As of 2025, Curaçao remains in a protracted period of monetary transition, still utilizing the Netherlands Antillean guilder (ANG) as its official currency. This situation is a legacy of the dissolution of the Netherlands Antilles in 2010, which left Curaçao and Sint Maarten sharing the common currency managed by the Centrale Bank van Curaçao en Sint Maarten (CBCS). The long-stated goal has been to introduce a new, independent currency, the Caribbean guilder, but its implementation has faced repeated delays due to technical complexities, economic instability, and the need for seamless alignment with fiscal and monetary policy.

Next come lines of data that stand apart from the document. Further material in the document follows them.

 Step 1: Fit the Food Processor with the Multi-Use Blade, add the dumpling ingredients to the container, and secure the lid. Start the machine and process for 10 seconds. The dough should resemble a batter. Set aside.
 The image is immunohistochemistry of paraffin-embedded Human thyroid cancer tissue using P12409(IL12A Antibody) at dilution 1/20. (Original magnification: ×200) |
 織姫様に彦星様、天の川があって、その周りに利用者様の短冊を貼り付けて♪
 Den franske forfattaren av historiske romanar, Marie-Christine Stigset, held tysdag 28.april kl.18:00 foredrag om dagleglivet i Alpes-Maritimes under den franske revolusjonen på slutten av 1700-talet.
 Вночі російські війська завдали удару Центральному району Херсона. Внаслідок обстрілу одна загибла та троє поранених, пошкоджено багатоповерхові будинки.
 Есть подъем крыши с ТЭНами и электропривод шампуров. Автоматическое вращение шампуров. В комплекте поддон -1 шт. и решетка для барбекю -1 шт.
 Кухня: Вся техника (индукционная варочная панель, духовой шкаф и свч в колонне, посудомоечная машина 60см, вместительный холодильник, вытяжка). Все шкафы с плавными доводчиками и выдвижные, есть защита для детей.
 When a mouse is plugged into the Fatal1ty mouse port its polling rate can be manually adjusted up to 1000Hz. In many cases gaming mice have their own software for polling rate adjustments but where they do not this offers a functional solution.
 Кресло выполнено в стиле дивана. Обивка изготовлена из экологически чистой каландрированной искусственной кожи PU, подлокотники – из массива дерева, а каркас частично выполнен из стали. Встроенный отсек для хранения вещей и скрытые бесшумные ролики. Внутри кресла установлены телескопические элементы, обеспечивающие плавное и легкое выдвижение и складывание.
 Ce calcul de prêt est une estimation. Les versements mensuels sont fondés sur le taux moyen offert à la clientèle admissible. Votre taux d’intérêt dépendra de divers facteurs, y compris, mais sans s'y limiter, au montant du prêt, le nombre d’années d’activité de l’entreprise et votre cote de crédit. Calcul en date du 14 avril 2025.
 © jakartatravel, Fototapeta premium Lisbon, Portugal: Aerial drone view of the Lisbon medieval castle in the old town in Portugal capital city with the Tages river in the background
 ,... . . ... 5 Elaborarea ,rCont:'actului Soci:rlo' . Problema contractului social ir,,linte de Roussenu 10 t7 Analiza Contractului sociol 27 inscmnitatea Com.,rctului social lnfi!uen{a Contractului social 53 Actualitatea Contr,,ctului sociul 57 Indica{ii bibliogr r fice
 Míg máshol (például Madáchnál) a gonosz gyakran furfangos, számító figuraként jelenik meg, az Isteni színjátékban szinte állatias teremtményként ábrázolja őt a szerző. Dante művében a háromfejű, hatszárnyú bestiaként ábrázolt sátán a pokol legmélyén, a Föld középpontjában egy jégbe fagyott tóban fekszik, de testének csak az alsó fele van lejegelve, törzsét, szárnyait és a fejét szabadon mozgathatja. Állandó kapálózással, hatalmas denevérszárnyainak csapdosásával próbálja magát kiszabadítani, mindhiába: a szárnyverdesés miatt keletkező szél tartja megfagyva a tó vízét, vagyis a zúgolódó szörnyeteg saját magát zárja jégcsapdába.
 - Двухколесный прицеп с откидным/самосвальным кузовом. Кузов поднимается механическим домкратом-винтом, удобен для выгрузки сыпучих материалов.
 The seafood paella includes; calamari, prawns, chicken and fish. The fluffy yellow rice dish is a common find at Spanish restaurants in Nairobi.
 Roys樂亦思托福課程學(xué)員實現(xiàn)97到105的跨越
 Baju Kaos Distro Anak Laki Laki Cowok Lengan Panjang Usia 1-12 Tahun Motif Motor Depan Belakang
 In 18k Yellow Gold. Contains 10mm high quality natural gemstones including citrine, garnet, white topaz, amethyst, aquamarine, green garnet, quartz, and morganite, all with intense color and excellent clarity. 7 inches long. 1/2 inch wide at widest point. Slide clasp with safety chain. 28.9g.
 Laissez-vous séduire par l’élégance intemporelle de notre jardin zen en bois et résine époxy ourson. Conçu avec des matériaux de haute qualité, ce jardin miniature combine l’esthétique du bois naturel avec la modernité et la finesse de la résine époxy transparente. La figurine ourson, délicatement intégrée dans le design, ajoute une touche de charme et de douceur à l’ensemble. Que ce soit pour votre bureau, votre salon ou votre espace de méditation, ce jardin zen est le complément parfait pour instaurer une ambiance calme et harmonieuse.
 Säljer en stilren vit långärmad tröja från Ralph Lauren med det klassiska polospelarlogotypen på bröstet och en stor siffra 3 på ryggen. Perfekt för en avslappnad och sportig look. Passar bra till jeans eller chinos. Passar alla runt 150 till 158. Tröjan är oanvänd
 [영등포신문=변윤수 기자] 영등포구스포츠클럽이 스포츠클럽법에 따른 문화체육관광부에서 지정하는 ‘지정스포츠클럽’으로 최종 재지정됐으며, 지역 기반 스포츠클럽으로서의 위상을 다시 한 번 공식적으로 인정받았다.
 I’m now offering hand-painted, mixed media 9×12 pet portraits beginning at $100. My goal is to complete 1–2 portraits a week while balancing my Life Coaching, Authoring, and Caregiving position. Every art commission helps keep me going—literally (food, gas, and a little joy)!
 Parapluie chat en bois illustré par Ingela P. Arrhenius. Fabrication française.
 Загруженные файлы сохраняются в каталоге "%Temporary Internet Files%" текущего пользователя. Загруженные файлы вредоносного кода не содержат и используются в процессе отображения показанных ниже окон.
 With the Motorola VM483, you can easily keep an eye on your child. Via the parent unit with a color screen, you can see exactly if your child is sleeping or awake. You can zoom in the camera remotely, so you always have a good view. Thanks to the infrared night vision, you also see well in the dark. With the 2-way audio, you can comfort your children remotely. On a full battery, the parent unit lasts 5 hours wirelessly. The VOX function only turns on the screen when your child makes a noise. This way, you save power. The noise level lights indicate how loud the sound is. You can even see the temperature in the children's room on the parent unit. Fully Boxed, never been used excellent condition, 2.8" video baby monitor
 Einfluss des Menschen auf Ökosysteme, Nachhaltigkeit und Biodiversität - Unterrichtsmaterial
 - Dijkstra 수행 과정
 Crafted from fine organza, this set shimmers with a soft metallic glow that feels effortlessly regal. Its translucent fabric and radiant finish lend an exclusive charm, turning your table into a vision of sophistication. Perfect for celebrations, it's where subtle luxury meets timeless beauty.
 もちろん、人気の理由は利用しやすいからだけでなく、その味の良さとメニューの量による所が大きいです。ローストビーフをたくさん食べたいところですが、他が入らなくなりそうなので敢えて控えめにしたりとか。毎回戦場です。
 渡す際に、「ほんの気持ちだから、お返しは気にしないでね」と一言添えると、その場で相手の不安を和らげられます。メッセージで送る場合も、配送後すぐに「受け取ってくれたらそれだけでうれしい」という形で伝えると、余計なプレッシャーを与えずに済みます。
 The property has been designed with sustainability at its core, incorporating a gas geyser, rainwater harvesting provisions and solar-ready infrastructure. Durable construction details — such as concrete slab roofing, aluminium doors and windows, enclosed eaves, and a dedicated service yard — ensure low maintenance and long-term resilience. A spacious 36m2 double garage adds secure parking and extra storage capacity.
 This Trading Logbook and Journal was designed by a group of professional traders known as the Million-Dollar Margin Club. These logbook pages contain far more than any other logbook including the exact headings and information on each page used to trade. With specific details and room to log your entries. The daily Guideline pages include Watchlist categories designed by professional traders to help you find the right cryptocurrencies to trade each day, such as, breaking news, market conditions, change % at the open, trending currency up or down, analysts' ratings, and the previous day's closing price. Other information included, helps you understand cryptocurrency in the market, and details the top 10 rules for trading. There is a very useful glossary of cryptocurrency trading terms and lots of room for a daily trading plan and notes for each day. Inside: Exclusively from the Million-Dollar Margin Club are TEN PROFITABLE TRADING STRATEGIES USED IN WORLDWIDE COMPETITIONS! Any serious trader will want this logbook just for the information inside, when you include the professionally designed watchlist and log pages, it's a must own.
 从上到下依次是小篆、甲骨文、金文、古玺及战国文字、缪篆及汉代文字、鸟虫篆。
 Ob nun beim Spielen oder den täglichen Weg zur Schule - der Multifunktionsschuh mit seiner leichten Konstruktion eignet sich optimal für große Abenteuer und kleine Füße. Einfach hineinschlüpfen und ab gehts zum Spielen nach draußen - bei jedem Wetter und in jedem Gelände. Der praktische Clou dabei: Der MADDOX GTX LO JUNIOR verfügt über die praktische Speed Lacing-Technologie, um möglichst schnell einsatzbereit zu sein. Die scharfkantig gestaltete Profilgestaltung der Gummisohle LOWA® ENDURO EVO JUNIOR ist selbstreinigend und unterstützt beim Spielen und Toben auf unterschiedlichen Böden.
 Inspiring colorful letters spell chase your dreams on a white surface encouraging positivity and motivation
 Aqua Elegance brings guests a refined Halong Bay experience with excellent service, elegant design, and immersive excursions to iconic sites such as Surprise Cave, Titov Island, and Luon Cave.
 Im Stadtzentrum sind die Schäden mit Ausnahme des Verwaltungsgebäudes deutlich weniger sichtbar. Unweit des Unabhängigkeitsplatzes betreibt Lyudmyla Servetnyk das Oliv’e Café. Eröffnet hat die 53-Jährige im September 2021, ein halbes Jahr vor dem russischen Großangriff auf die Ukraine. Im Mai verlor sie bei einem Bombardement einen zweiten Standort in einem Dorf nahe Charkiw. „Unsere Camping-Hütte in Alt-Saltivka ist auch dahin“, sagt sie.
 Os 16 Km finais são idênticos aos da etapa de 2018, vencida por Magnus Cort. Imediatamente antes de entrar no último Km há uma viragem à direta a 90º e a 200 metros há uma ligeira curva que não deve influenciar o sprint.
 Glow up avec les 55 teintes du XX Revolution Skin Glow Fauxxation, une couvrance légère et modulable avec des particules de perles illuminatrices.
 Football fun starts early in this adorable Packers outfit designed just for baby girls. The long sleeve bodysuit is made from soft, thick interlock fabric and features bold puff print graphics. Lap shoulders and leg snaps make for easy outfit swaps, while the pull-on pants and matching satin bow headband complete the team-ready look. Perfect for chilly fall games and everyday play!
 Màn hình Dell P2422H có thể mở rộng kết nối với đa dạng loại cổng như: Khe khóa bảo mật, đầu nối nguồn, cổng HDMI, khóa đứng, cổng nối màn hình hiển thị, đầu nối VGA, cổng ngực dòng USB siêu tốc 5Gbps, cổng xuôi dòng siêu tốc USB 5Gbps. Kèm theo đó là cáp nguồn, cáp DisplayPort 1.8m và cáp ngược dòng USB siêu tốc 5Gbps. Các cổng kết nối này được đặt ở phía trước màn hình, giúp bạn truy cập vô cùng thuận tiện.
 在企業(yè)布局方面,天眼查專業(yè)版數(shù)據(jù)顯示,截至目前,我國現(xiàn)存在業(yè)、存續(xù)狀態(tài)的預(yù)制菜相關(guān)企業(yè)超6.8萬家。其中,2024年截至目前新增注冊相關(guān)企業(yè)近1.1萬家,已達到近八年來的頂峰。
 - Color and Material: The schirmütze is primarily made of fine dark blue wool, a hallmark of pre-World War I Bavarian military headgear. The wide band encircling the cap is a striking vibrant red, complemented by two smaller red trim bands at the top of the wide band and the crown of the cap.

The primary driver for the proposed change is political and economic sovereignty, aiming to sever the final formal monetary tie with Sint Maarten and provide the CBCS with tools more directly responsive to Curaçao's specific economic conditions. However, the transition is fraught with challenges. The economy, heavily reliant on tourism and international financial services, requires absolute stability, and any misstep in introducing a new currency risks inflation and loss of public confidence. Furthermore, the peg to the US dollar (1.79 ANG:1 USD), a cornerstone of financial stability for decades, must be meticulously maintained for the new currency to ensure no disruption to trade, investment, and the cost of living.
Consequently, 2025 finds Curaçao in a holding pattern. Public communication from the CBCS and the government continues to reference the Caribbean guilder as a future objective, but without a definitive launch date. The focus remains on strengthening the economic fundamentals and finalizing the digital and physical infrastructure required for the switch. For residents and businesses, the practical reality is the continued use of the Antillean guilder, with the promise of change lingering on the horizon but subordinate to the paramount need for monetary stability.